Return the data below unchanged. Drop any pictures.
BEGIN PROVIDED DATA
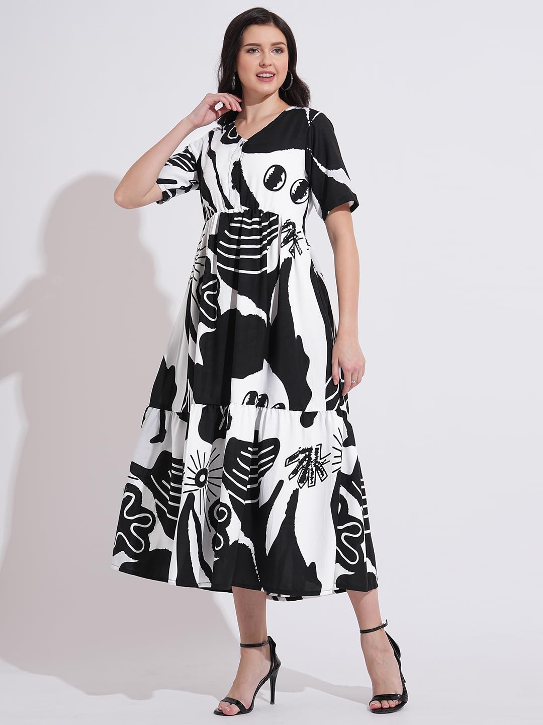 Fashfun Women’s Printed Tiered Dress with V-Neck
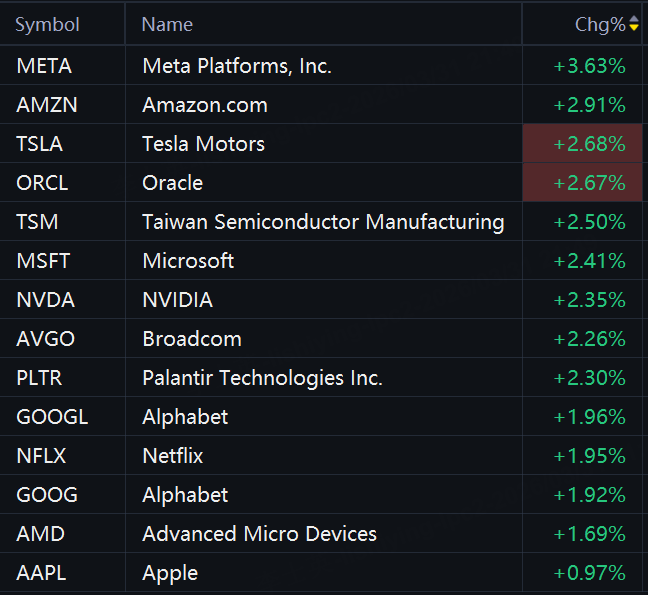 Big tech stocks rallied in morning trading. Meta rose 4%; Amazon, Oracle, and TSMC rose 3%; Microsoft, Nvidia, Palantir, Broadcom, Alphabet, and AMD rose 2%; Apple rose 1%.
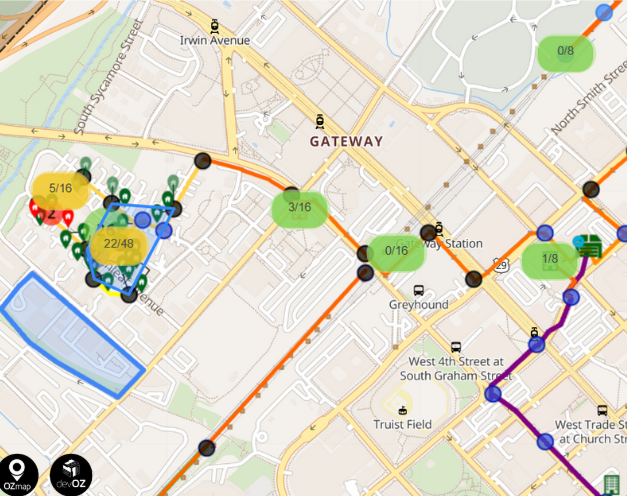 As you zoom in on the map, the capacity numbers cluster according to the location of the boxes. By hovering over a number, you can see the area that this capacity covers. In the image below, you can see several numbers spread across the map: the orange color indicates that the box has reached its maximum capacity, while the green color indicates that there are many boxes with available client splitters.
END PROVIDED DATA
**TASK RESULT:**
 Fashfun Women’s Printed Tiered Dress with V-Neck
 Big tech stocks rallied in morning trading. Meta rose 4%; Amazon, Oracle, and TSMC rose 3%; Microsoft, Nvidia, Palantir, Broadcom, Alphabet, and AMD rose 2%; Apple rose 1%.
 As you zoom in on the map, the capacity numbers cluster according to the location of the boxes. By hovering over a number, you can see the area that this capacity covers. In the image below, you can see several numbers spread across the map: the orange color indicates that the box has reached its maximum capacity, while the green color indicates that there are many boxes with available client splitters.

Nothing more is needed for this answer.